Capture of a single molecule in a nanocavity.

作者信息

Gu L Q, Cheley S, Bayley H

机构信息

Department of Medical Biochemistry and Genetics, Texas A&M University System Health Science Center, College Station, TX 77843, USA.

出版信息

Science. 2001 Jan 26;291(5504):636-40. doi: 10.1126/science.291.5504.636.

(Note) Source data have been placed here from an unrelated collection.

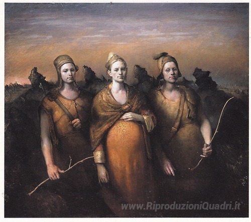 Ti offriamo una riproduzione artigianale su tela dell'opera famosa 'Gemelle Madri' di Odd Nerdrum, dal Museo delle Riproduzioni.
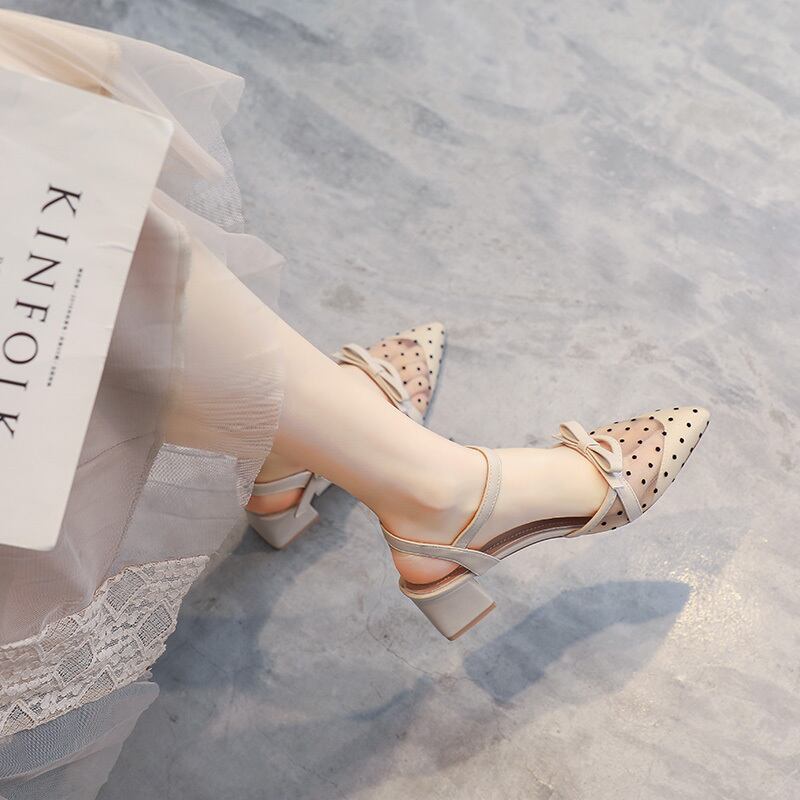 【送料無料】 ポインテッドトゥサンダル シースルードット シューズ l レディースシューズ レディースサンダル ヒールサンダル ヒール ミドルヒール ポインテッドトゥ ストラップ かわいい 大人可愛い シンプル カジュアル 大人 上品 おしゃれ お洒落 ラブリー キュート ガーリー 大人っぽい 女っぽ 抜け感 無地 ドット柄 水玉 春 夏 10代 20代 30代 レディース 学生 通学 デート お出かけ 公園デビュー 女子会 休日 デイリー 普段使い 韓国 韓国系 サイズ 22.5cm
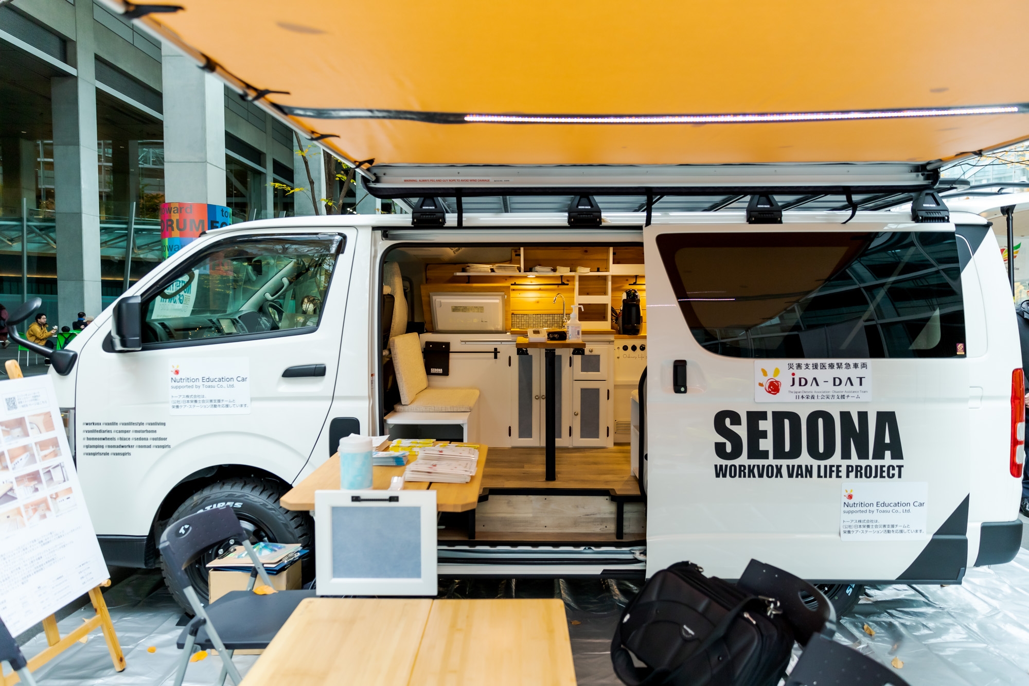 JDA-DAT号は、現在4台(軽ワゴン車3台とPHEV車両)を保有しており、そのうち2台の車両には、給排水装置を備えたミニキッチン(調理台)を搭載しています。
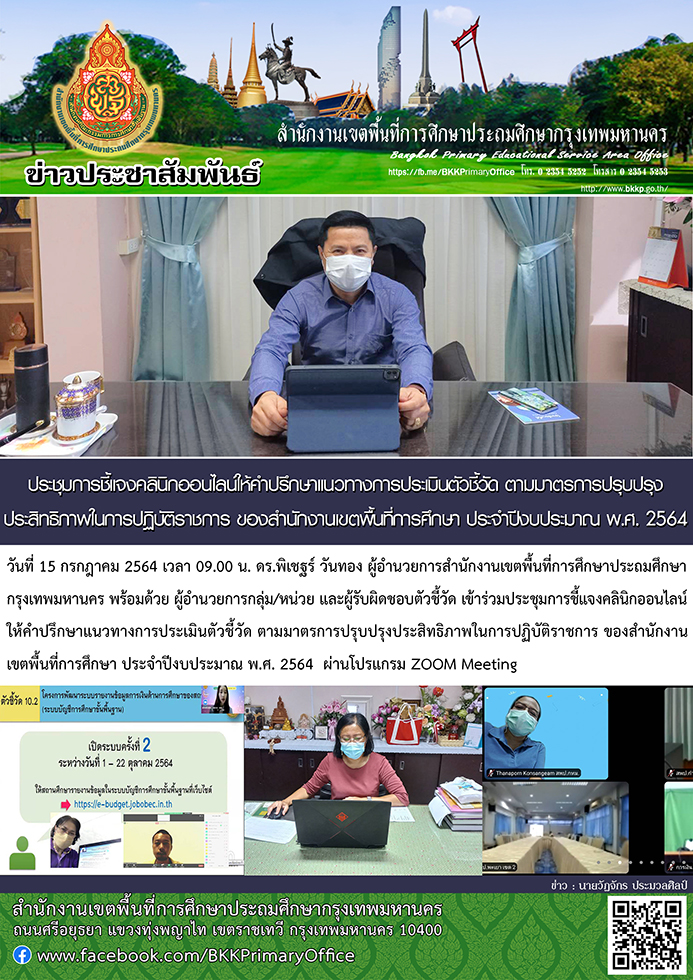 ประชุมการชี้แจงคลินิกออนไลน์ให้คำปรึกษาแนวทางการประเมินตัวชี้วัด ตามมาตรการปรับปรุงประสิทธิภาพฯ
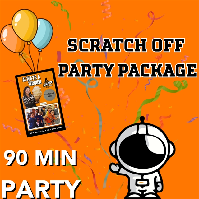 Add $80: 3 Pizzas, 2 Drink Flavors, Fruit Tray, Vegetable Tray, Choose Cookie Cake, Icees OR Dippin' Dots, Chose Tenders, Wings OR Cheese Sticks. Get 10 FREE birthday scratch offs! Everybody is a WINNER!
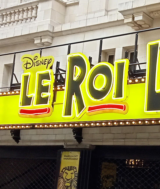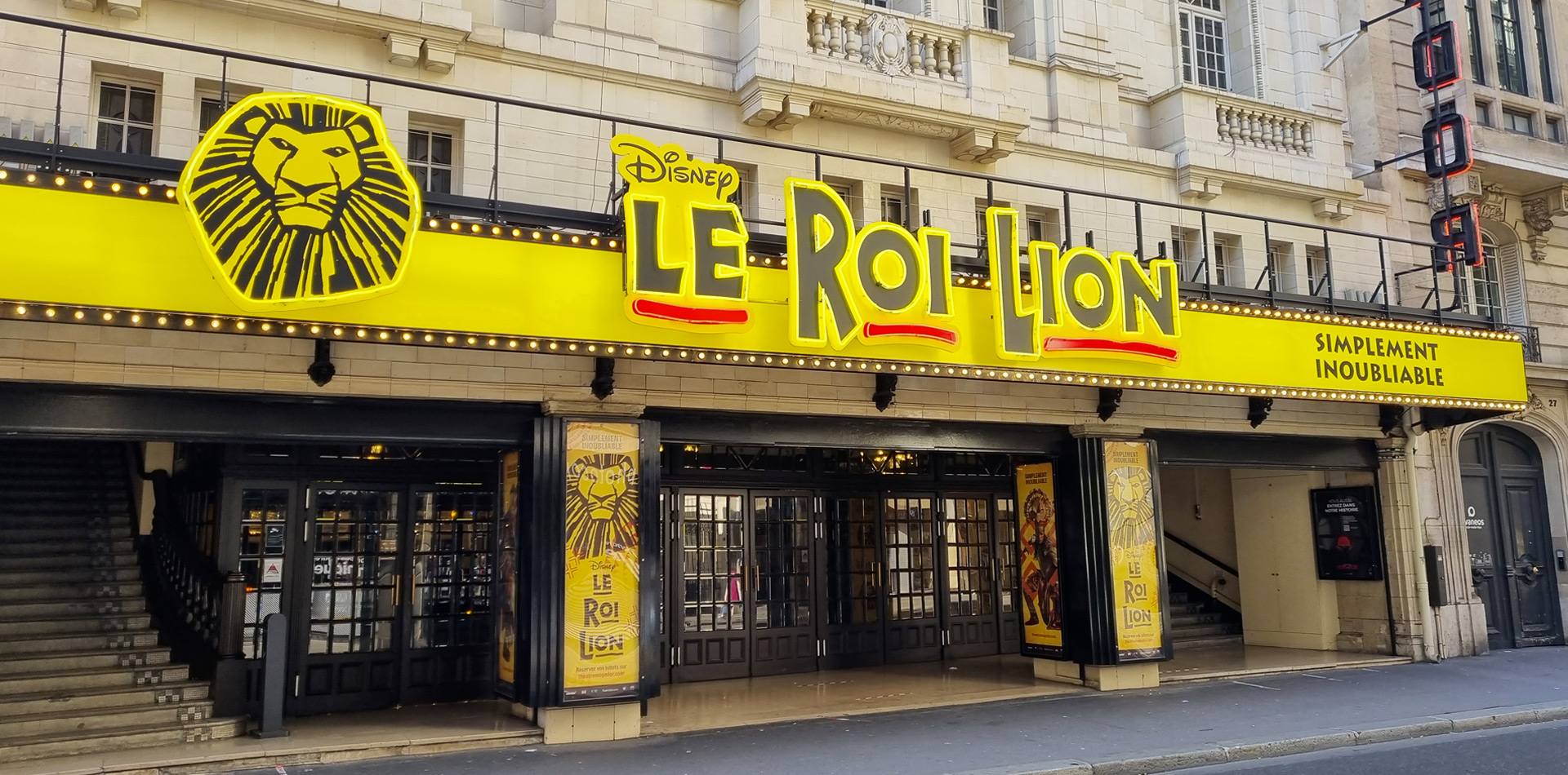 Le Théâtre Mogador situé au 25 Rue de Mogador, accueille la comédie musicale le Roi Lion. L’enseigne de + de 20m de long est composée de + de 250 d’ampoules, d’un cCaisson avec bâche lumineux, des lettre découpées en PVC de 20mm, un contour de texte en néon, ainsi qu’un fond/bandeau lumineux avec éclairage interne en LED ainsi.

DOI:10.1126/science.291.5504.636
PMID:11158673
Abstract

We describe a heptameric protein pore that has been engineered to accommodate two different cyclodextrin adapters simultaneously within the lumen of a transmembrane beta barrel. The volume between the adapters is a cavity of approximately 4400 cubic angstroms. Analysis of single-channel recordings reveals that individual charged organic molecules can be pulled into the cavity by an electrical potential. Once trapped, an organic molecule shuttles back and forth between the adapters for hundreds of milliseconds. Such self-assembling nanostructures are of interest for the fabrication of multianalyte sensors and could provide a means to control chemical reactions.

摘要

我们描述了一种七聚体蛋白质孔道,它经过工程设计,能够在跨膜β桶的腔内同时容纳两种不同的环糊精适配体。适配体之间的空间是一个体积约为4400立方埃的腔。单通道记录分析表明,单个带电有机分子可通过电势被拉入腔内。一旦被捕获,有机分子会在适配体之间来回穿梭数百毫秒。这种自组装纳米结构对于制造多分析物传感器很有意义,并且可能提供一种控制化学反应的方法。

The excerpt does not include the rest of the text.